1. Update your OS to the latest service pack
Service packs are major software updates for operating systems. They include cumulative security patches and sometimes offer new features. Your system should have the latest pack. If your an XP user, you should be running Service Pack 3. Vista users should have Service Pack 1. You can find out by right clicking the Computer icon on the desktop and selecting properties. It will provide you with system info. Mac users running Leopard should have OS X 10.5.6 installed, which you can check by opening the Apple menu and selecting "About this Mac". Service packs are updated through your system's update program.

2. Fully update everything else
Besides service packs, make sure your OS is up to date as far as everything else is concerned, especially with the latest security patches. Once again this can be done through the update menu. For power users, I recommend turning off automatic updates, instead letting it tell you what updates are available. It lets you pick and choose. For everyone else, just enable automatic updates. Web browsers should be updated to the latest version in particular as well as any other programs that connect to the internet.
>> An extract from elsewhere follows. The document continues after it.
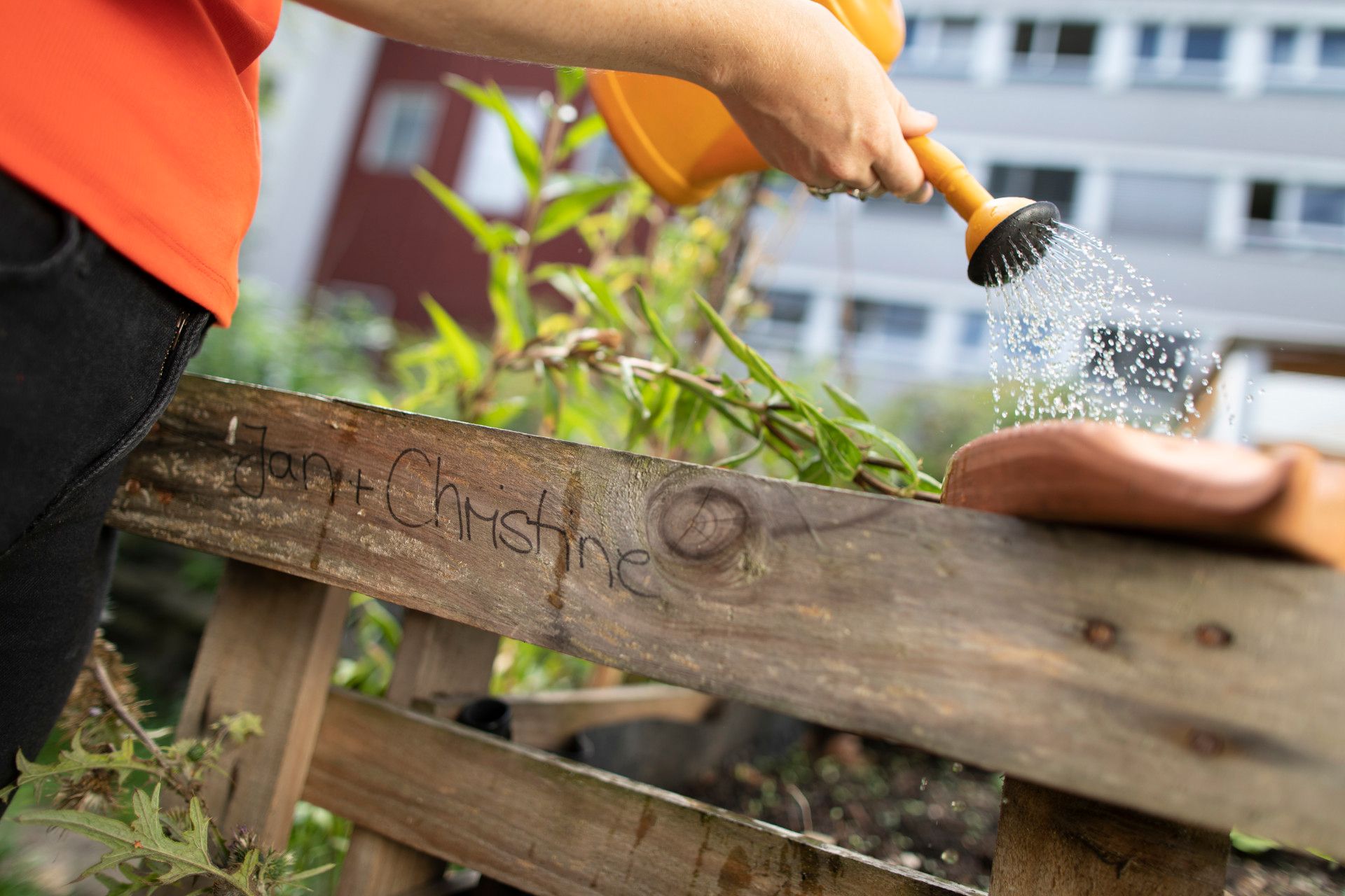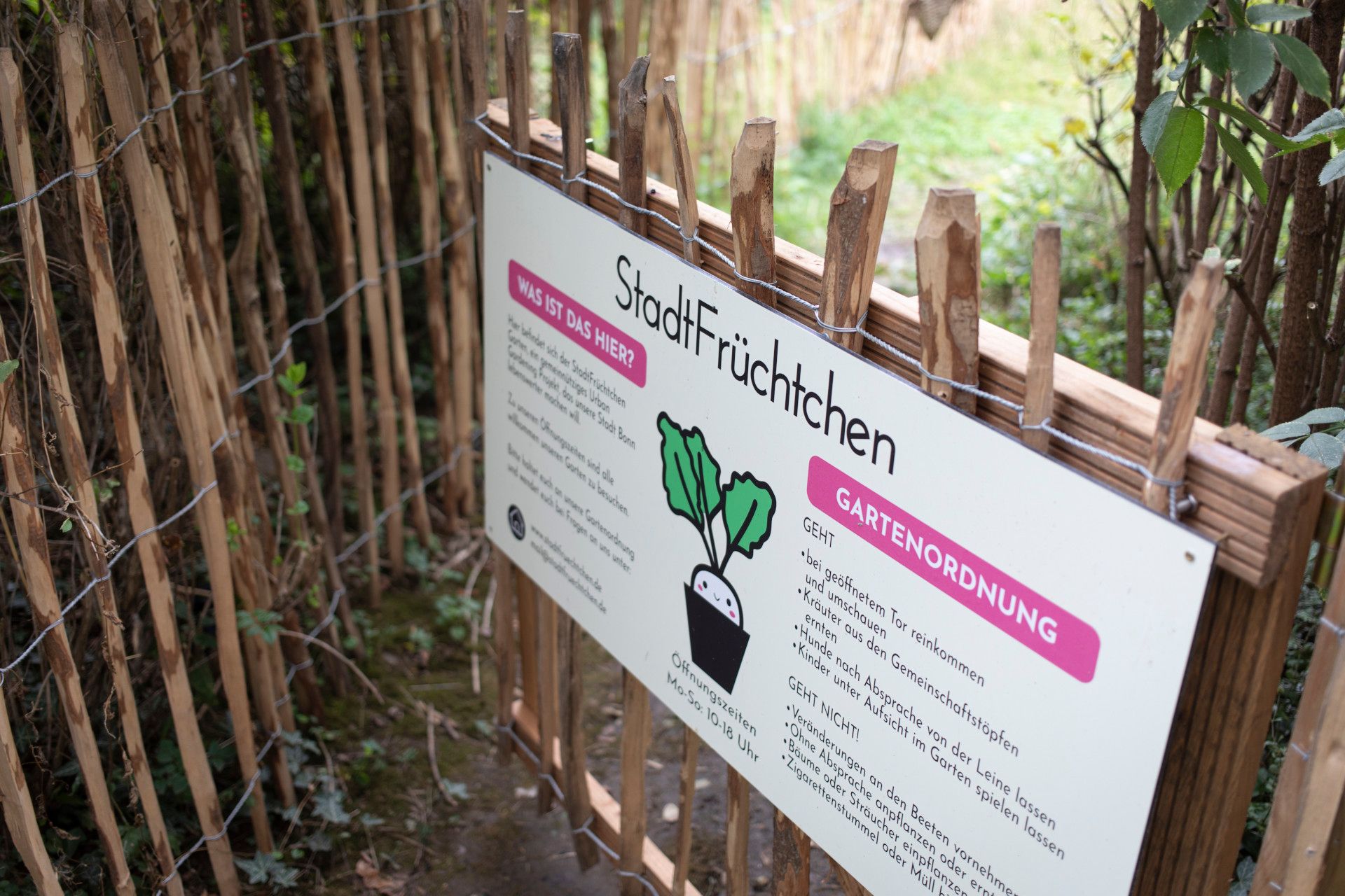 Tourismus NRW e.V., Ralph Sondermann, Stadtgarten Stadtfrüchtchen, Bonn Tourismus NRW e.V., Ralph Sondermann, Schild Stadtgarten Stadtfrüchtchen, Bonn Tourismus NRW e.V., Ralph Sondermann, Gemüsebeete in Stadtgarten, Bonn Tourismus NRW e.V., Ralph Sondermann, Gießkanne und Gemüsebeete in Stadtgarten, Bonn
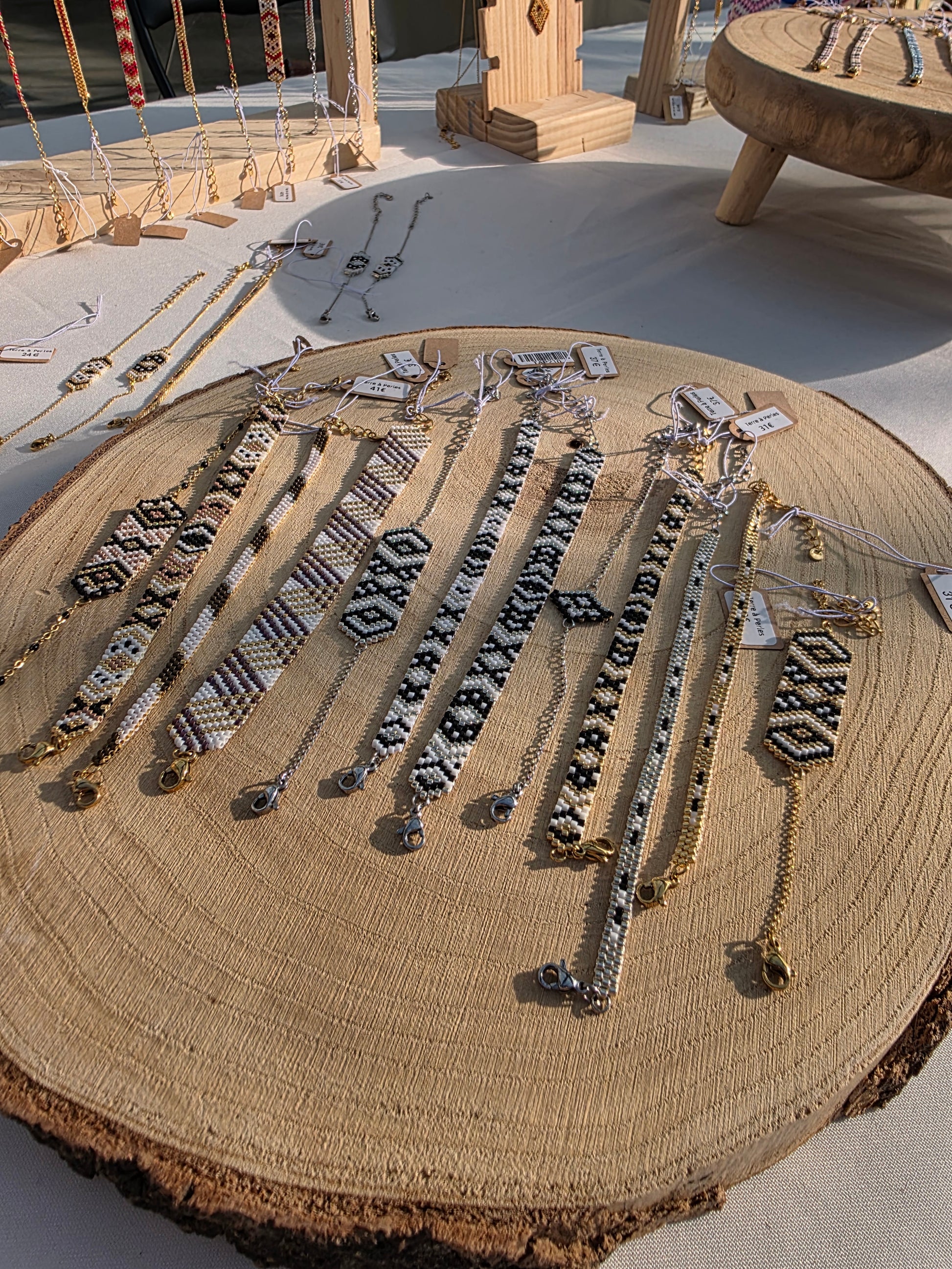 Chaque pièce est tissée à l’aiguille, perle après perle, avec soin et passion.

You should be running Internet Explorer 7 or Firefox 3.

3. Use a good anti-virus program
There are a lot of choices available. Symantec and McAfee are what most people use but these programs tend to be bloated and require a lot of system resources to run. Free anti-virus software is usually much lighter and often just as good or better than commercial counterparts. A lot of enterprise anti-virus companies such as AVG and Avast provide free home versions of their software. You should also get anti-spyware software. Windows Defender is a good enough free program for Windows users that offers background protection. Many other free alternatives such as Ad-Aware require manual scans.

4. Turn on your firewall
The built in firewall through Windows and Mac OS X are fine. Make sure it's turned on. For added security, you can set it to stealth mode meaning other computers cannot even see you online unless you access them first.

5. Don't visit unsavory websites
A lot of "free" porn sites, P2P channels, and pirated software portals are infested with malware. While legitimate sites can become infected, the vast majority comes from the more unsavory websites. Just stay away from these.